Cheap labor is how China has paid off the West and made itself indispensable to the market. It's unequal exchange.
lol this is why the West was genuinely afraid of Mao but not anymore since China has opened up.
Mao used to casually taunt the US to drop their atomic bombs on China and see who lasts longer. He would constantly talk about China engaging in a “10,000 years” long war (lol!) with the Western imperialists even until the end of the world.
These days the US just crosses red lines after red lines because they know that their opponents have no appetite to truly fight back and risk a nuclear war.
You aren't wrong, but on the other hand we haven't had a nuclear war either. That counts for something.
Although now we're zooming to a climate catastrophe that will make Earth just as uninhabitable so lol
The thing is they can keep crossing whatever red lines they want, it doesn't change the equation that it is the U.S. is fundamentally in a reactionary position to China's economy. While the financial and government elements think they have the tiger by the tail, whatever shenanigans they pull ultimately hurt the U.S. domestically far more.
When we, in American industry, lose access to Chinese inputs, we are the ones who are scrambling to fill those inputs, with suppliers that fundamentally don't exist (a.k.a. are three to four years out in manufacturing at volume, which is an eternity in business), but we still have to compete internationally with companies that do have access to Chinese inputs. Some people are conning a free lunch from China, but most people in this country are not. If anything they are in a tighter spot because China is the one paying for their lunch and if they do not, then they will starve, and everyone in manufacturing that knows anything knows that.

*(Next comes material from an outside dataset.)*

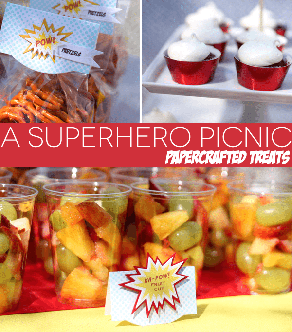 Did you see yesterday’s post?! Well, today I’m still in a superhero state of mind, but this time around, I’m sharing all the behind-the-scenes projects that went into executing my superhero picnic. Now, in the spirit of full disclosure, this party did take work, but not a ton. I put the whole thing together in a week – so it’s totally doable. My biggest strategy in creating this party was using the same stamps, dies and inks over and over and over…and over again. So keep reading and I’ll share several tips for executing your own paper crafted parties…and sparing your sanity in the process..

If the U.S. wants to compete with China at all, it will have to fundamentally change it's domestic industrial policies, and actually organize production to combat these inevitable shortages, something that it ideologically will not, and honestly at this point does not have the ability to do. Perhaps China does not want to press the 'socialism' button, but honestly, if I were them, I would wait for the U.S. to drive itself into a wall attempting to compete with something it fundamentally cannot. Let them be the ones to pull the trigger.